▶ [Task to complete]:
Everything in the listing should be set down exactly, apart from the pictures.

▶ [Data shown]:
====

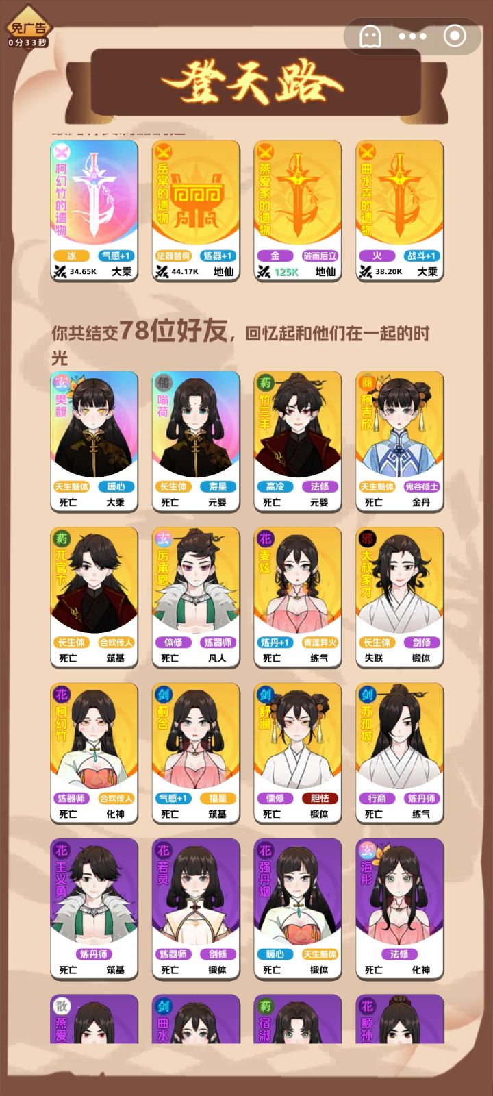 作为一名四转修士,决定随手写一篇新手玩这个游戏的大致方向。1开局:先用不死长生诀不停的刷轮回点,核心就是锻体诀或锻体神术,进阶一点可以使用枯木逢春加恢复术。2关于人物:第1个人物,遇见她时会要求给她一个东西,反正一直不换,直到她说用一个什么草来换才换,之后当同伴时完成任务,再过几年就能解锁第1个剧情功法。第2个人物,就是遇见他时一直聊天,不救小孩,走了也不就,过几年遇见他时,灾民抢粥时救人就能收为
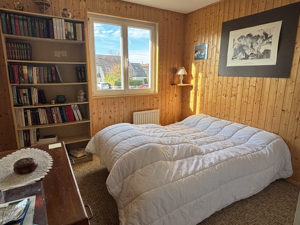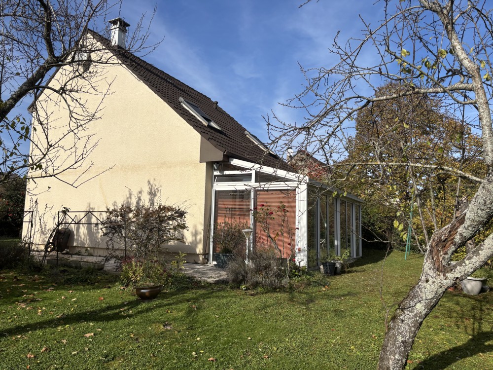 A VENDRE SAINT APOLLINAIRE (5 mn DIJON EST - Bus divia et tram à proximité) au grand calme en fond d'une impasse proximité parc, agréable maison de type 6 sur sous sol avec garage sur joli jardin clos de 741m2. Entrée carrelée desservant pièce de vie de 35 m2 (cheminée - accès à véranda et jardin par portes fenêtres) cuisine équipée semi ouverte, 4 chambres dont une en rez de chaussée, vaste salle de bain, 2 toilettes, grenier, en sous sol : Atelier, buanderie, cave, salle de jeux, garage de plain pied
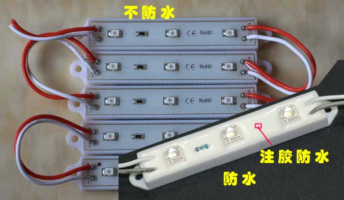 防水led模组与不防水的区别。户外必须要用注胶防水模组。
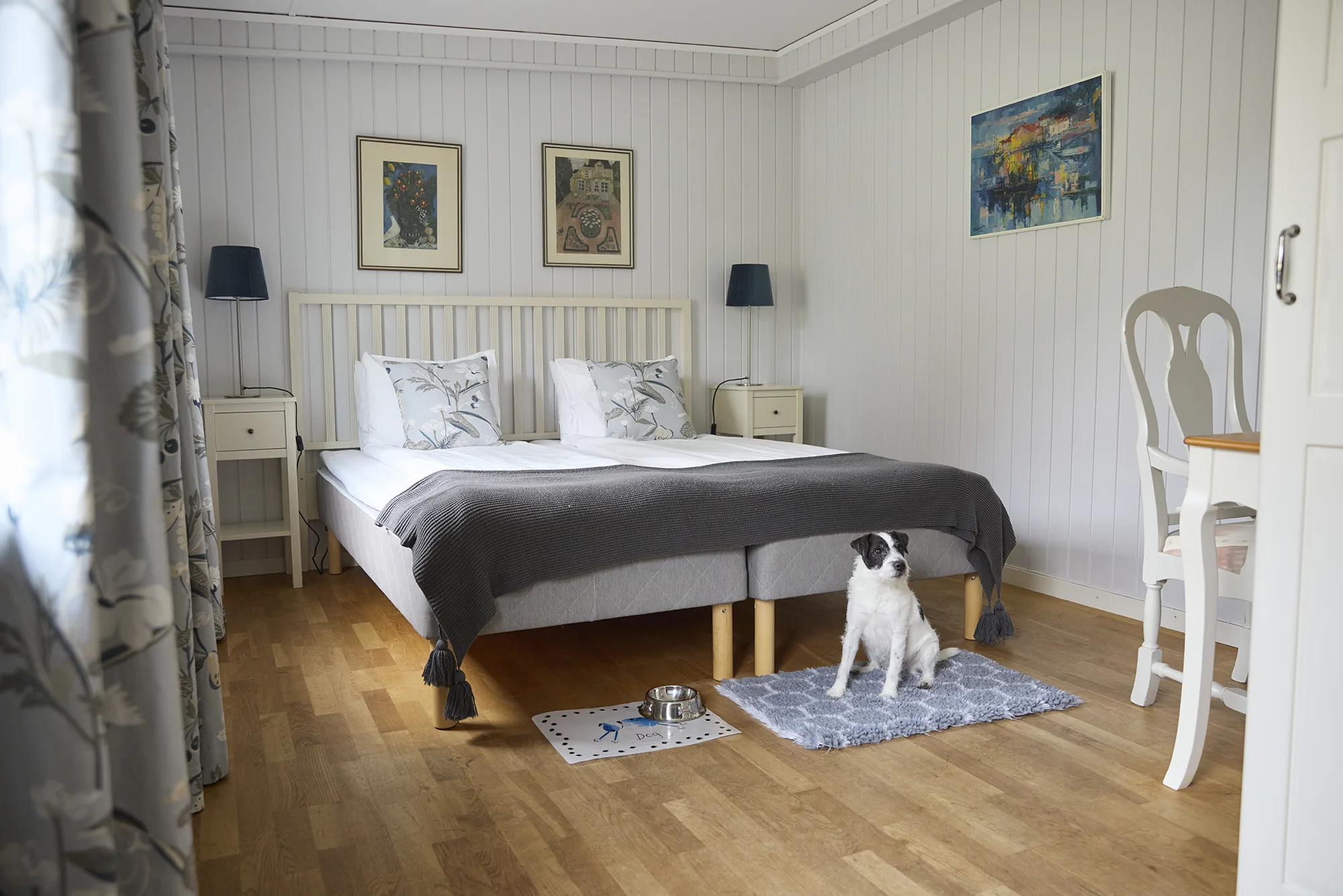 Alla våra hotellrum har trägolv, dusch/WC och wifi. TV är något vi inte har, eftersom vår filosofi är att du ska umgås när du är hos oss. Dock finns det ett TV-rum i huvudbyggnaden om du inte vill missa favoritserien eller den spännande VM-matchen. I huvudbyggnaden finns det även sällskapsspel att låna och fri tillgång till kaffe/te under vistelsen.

====

▶ [Problem solution]:
 作为一名四转修士,决定随手写一篇新手玩这个游戏的大致方向。1开局:先用不死长生诀不停的刷轮回点,核心就是锻体诀或锻体神术,进阶一点可以使用枯木逢春加恢复术。2关于人物:第1个人物,遇见她时会要求给她一个东西,反正一直不换,直到她说用一个什么草来换才换,之后当同伴时完成任务,再过几年就能解锁第1个剧情功法。第2个人物,就是遇见他时一直聊天,不救小孩,走了也不就,过几年遇见他时,灾民抢粥时救人就能收为
 A VENDRE SAINT APOLLINAIRE (5 mn DIJON EST - Bus divia et tram à proximité) au grand calme en fond d'une impasse proximité parc, agréable maison de type 6 sur sous sol avec garage sur joli jardin clos de 741m2. Entrée carrelée desservant pièce de vie de 35 m2 (cheminée - accès à véranda et jardin par portes fenêtres) cuisine équipée semi ouverte, 4 chambres dont une en rez de chaussée, vaste salle de bain, 2 toilettes, grenier, en sous sol : Atelier, buanderie, cave, salle de jeux, garage de plain pied
 防水led模组与不防水的区别。户外必须要用注胶防水模组。
 Alla våra hotellrum har trägolv, dusch/WC och wifi. TV är något vi inte har, eftersom vår filosofi är att du ska umgås när du är hos oss. Dock finns det ett TV-rum i huvudbyggnaden om du inte vill missa favoritserien eller den spännande VM-matchen. I huvudbyggnaden finns det även sällskapsspel att låna och fri tillgång till kaffe/te under vistelsen.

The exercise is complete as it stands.